The smart money is betting on the Pakistani farm
Express Tribune | 24 October 2011
By Farooq Tirmizi
From international venture capitalists to global and local conglomerates to private equity firms, there has been a small but growing trend towards investing in the Pakistani agricultural sector, one of the largest in the world in terms of its production of several key commodities.
The amounts involved are small so far, but the names of the investors coming in – and the expertise and connections they represent – are far more significant.
One company that has done more than most to bring in foreign investment into Pakistani agribusiness is Indus Basin Holdings, a new venture capital firm that has amongst is investors financial and industrial luminaries from Europe and the United States.
Indus Basin is the brainchild of Aamer Sarfraz, a merchant banker at the London-based private equity firm Tigris Financial, where he has been managing director since 2006.
“We’re focused on non-political commodities (those in which the government does not set the prices) where we can launch greenfield investments that yield a return that is 10, 20, 40 times the initial investment,” said Sarfraz in an interview with The Express Tribune. “We want to be the biggest agribusiness private equity player in Pakistan.”
The Boston University and LSE-educated Sarfraz has managed to bring in Tim Draper, the founder of Draper Fisher Jurvetson, one of the largest Silicon Valley venture capital firms that was an early investor in firms like Hotmail and Skype. He also brought in Baron Lorne Thyssen-Bornemisza, a Swiss aristocrat whose family owns the ThyssenKrupp, a German technology conglomerate with over 670 subsidiaries and 200,000 employees worldwide.
“I am very excited about the agricultural sector in Pakistan. There are excellent opportunities that provide sustainable growth. Being Swiss, this is a familiar sector,” said Baron Thyssen-Bornemisza.
The amounts committed by each of the two gentlemen to the firm, as well as to Indus Basin’s original project – Agroventures, a Faisalabad-based breakfast cereal manufacturer – are unclear. But being able to attract highly prominent investors to his firm has been an achievement for Sarfraz, especially at a time when most investors are reluctant to put their money in the country.
Indus Basin is now about to launch a rice export business as well as a corn mill and a dairy farm.
Yet they are not the only firm getting into the game. Nestle, the Swiss conglomerate, recently announced that it will be investing over $300 million in the Pakistani dairy sector to double its output of milk. Nestle’s Milkpak brand is one of the largest packaged milk brands in the market.
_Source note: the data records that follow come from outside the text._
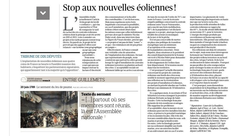 20 июн. 2018 г. — http://premium.lefigaro.fr/vox/societe/2018/06/19/31003-20180619ARTFIG00340-stop-aux-nouvelles-eoliennes-le-cri-d-alarme-de-dix-deputes.php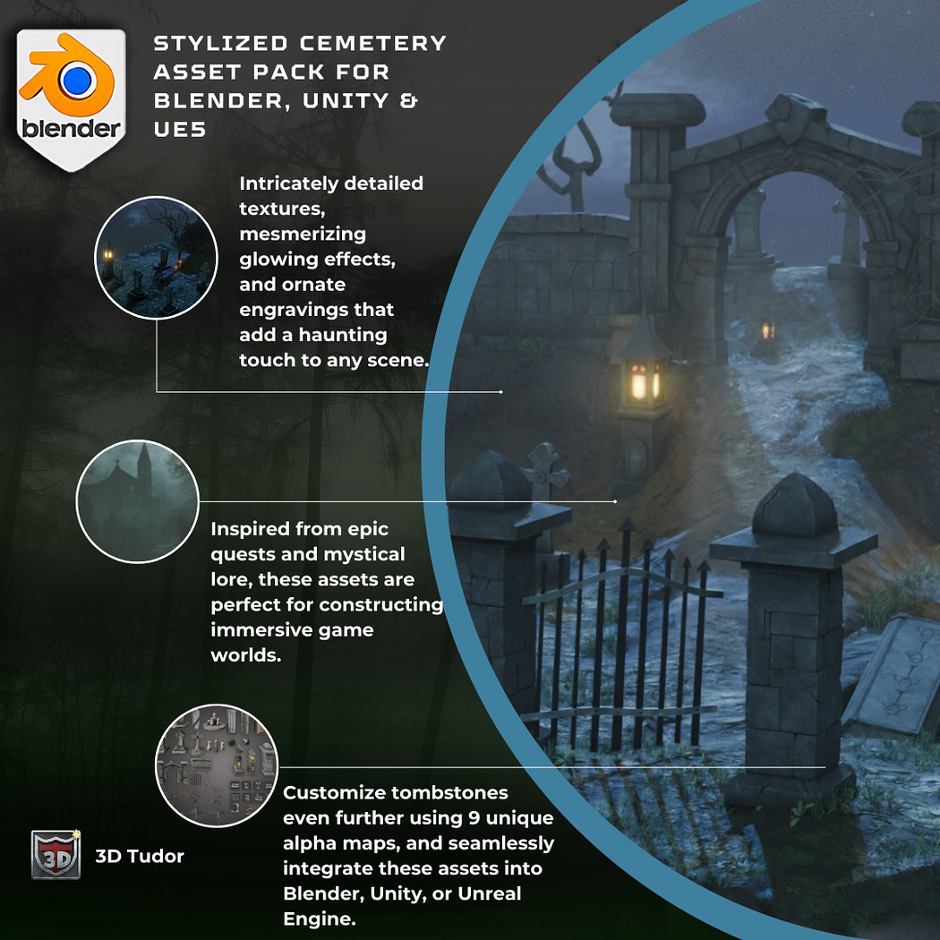 3DT Stylized Cemetery Asset Pack โ Stylized Game-Ready 3D Asset Pack (Blender, Unity, UE5, Godot)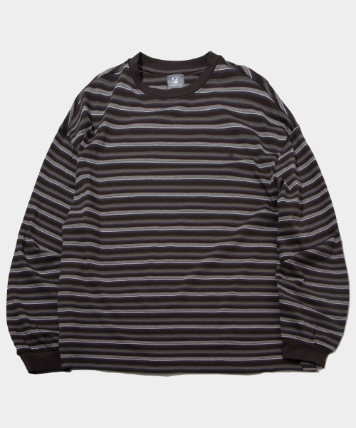 멀티 스트라이프 래글런 단가라 레이어링 롱슬리브 [브라운]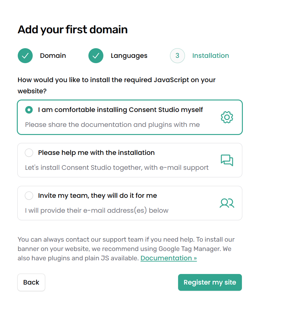 Valitse Installation -kohdassa ylimmäinen vaihtoehto “I am comfortable installing Consent Studio myself”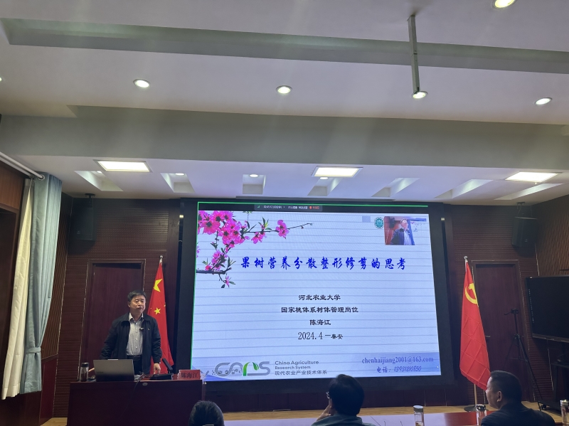 4月15日,我院林果花卉研究所秦安试验站在天水市秦安县组织举办了体系专家进桃园技术培训活动。活动邀请了国家桃产业技术体系遗传改良研究室岗位科学家王力荣研究员、栽培与土肥研究室岗位科学家陈海江研究员,专家对试验站在秦安县这么多年来的努力工作给予了高度评价,对试验站推广的良种良法配套栽培技术与服务农业产业发展的水平给予了充分肯定,认为其在推动乡村振兴战略实施奠定了坚实基础。培训过程中,专家对魏店镇、莲花镇果农提出的一些问题进行详细解答,并围绕“桃优良品种与高效栽培技术”、“果树营养分散整形修剪的思考”等主题开展了专题讲座,讲座采取线上线下相结合的方式同步进行,为全县桃产业科学发展、合理种植提出宝贵意见,讲座获得了果农及技术人员的一致好评。我院林果花卉研究所王卫成书记、王发林研究员、王晨冰研究员、牛茹萱副研究员和秦安县果业局技术人员陪同考察调研。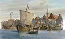Much of the time creating these paintings was spent researching the histories and specifications of the ships. We have only vague ideas of the earliest vessels; there are no known documents or detailed descriptions of them. Not until well into the seventeenth century were ships being built from plans. To accurately portray any vessel, I begin by studying their plans, have often created my own when none existed, and occasionally build small models to help visualize them.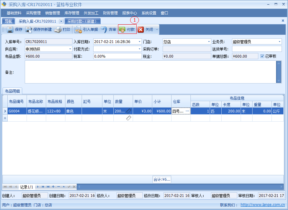 如需要為當(dāng)前入庫單進行付款,具體步驟如下圖;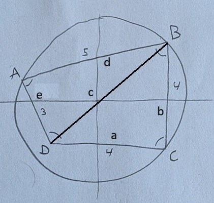 Diagonalen från B till D kallade jag för c. Den är gemensam för triangel ABD och triangel BCD.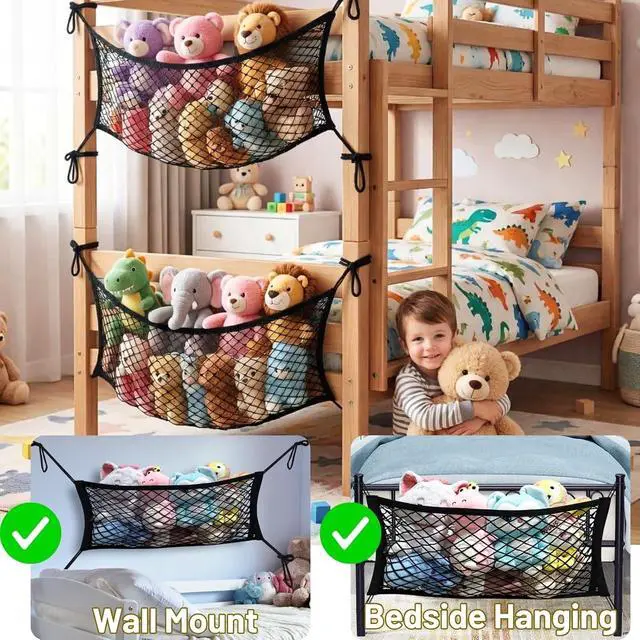 Fall in Love with OrganizationThe Bedside Plush Toy Storage Net is an excellent tool for instilling good organizational habits in children. It transforms rooms into tidier spaces, bringing joy to children as they see their plush toys neatly arranged and easily accessible.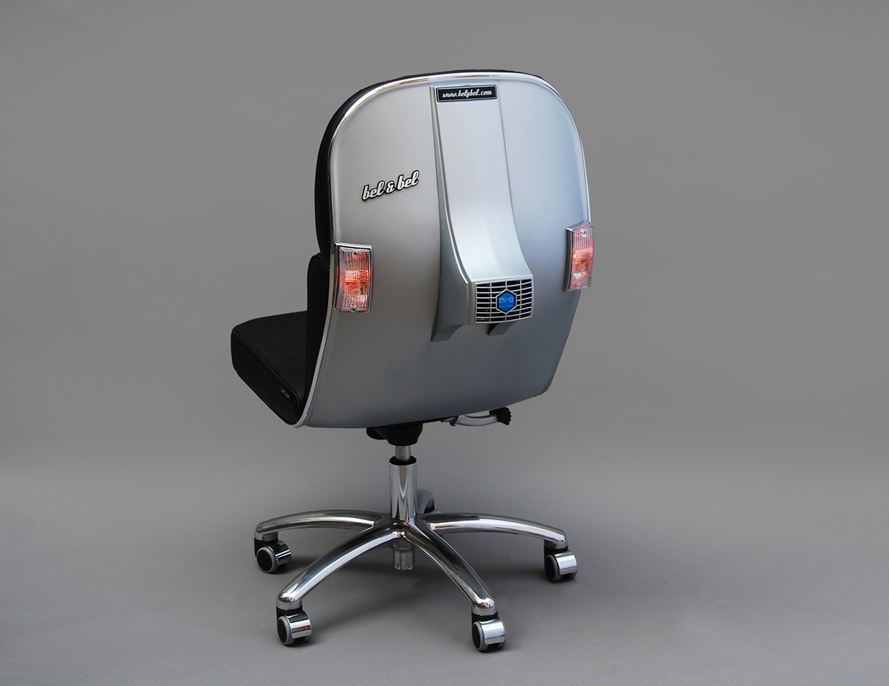Uredske stolice Bel & Bel izrađene su od originalnih dijelova legendarnog talijanskog skutera Vespa iz 80-ih. Ponovnom upotrebom šasije tvrtka iz Barcelone stvorila je originalnu i jedinstvenu okretnu stolicu.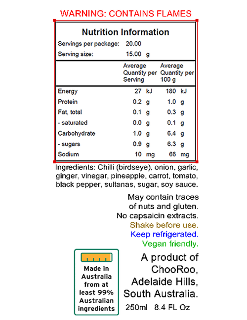 Fruity and tangy made from using popular Birds Eye chilli with a subtle hint of tropical flavours and a healthy whack of cracked black pepper.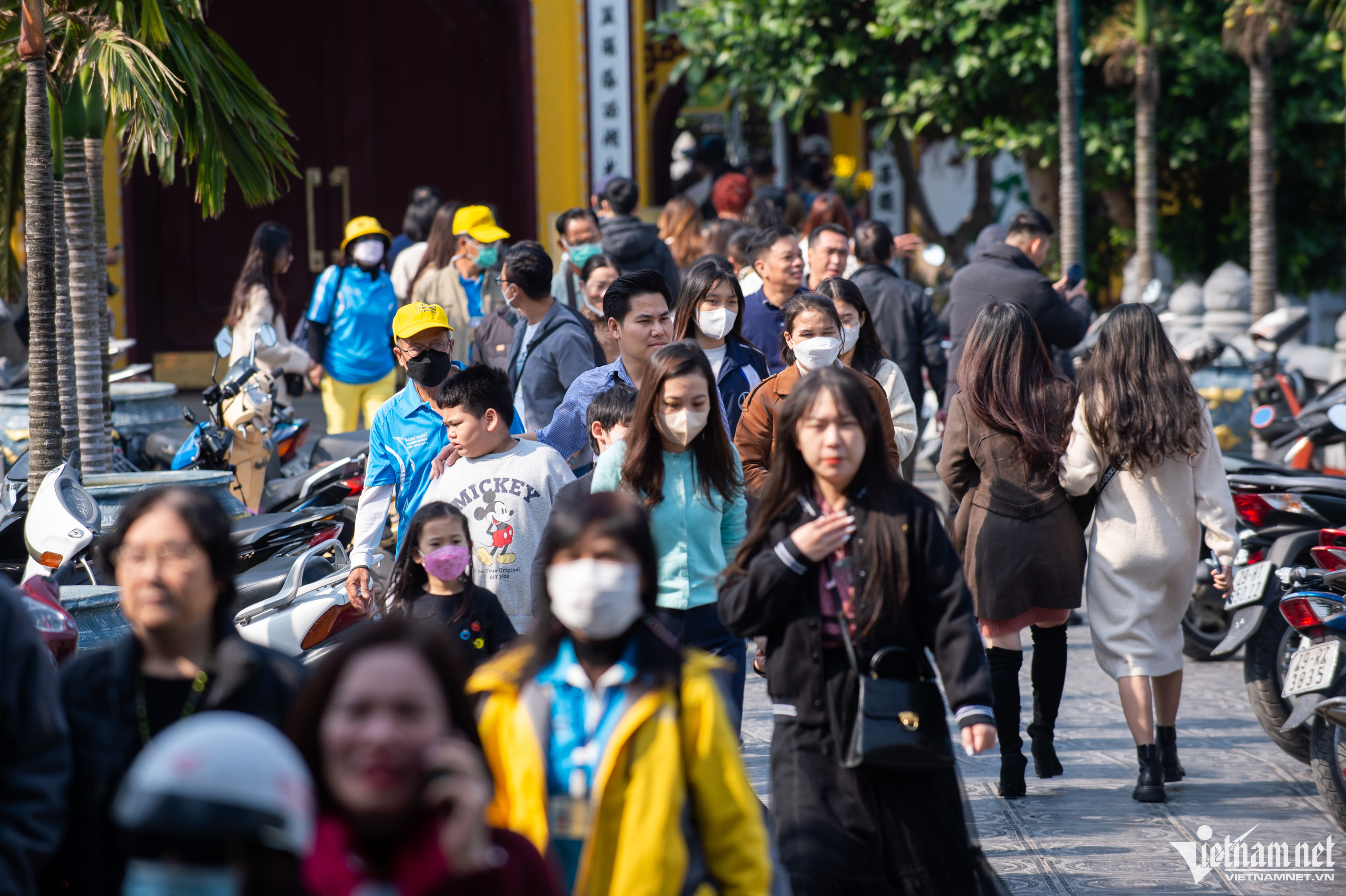Trong ngày mùng 1 cuối cùng của năm Nhâm Dần, nhiều người dân thủ đô đổ về các đền, chùa để làm lễ bái khiến một số nơi trong cảnh đông nghẹt.

Several local conglomerates have been organising themselves into investment companies geared towards extracting high yields from the agriculture sector.
The Dawood Group of companies, for instance, has wound down its insurance company – Central Insurance – and restructured it to become Cyan Ltd, a company that will invest in high growth sectors in Pakistan and has agriculture as one of its priority sectors.
Hussain Dawood, the patriarch of the Dawood family, also owns 38% of the Engro Corporation, one of the largest conglomerates in Pakistan. Engro’s subsidiary operates the world’s largest single-train urea manufacturing plant, in what is likely the single largest investment in the Pakistani agriculture sector: $1.1 billion. Engro also owns Engro Foods, one of the largest food companies in the country. Another conglomerate – the Nishat Group, owned by Mian Muhammad Mansha, the richest man in Pakistan – has also decided to enter the consumer foods business by launching its own dairy company.
Nishat has interests in financial services, textiles and cement manufacturing. The new venture would be the group’s first in agriculture.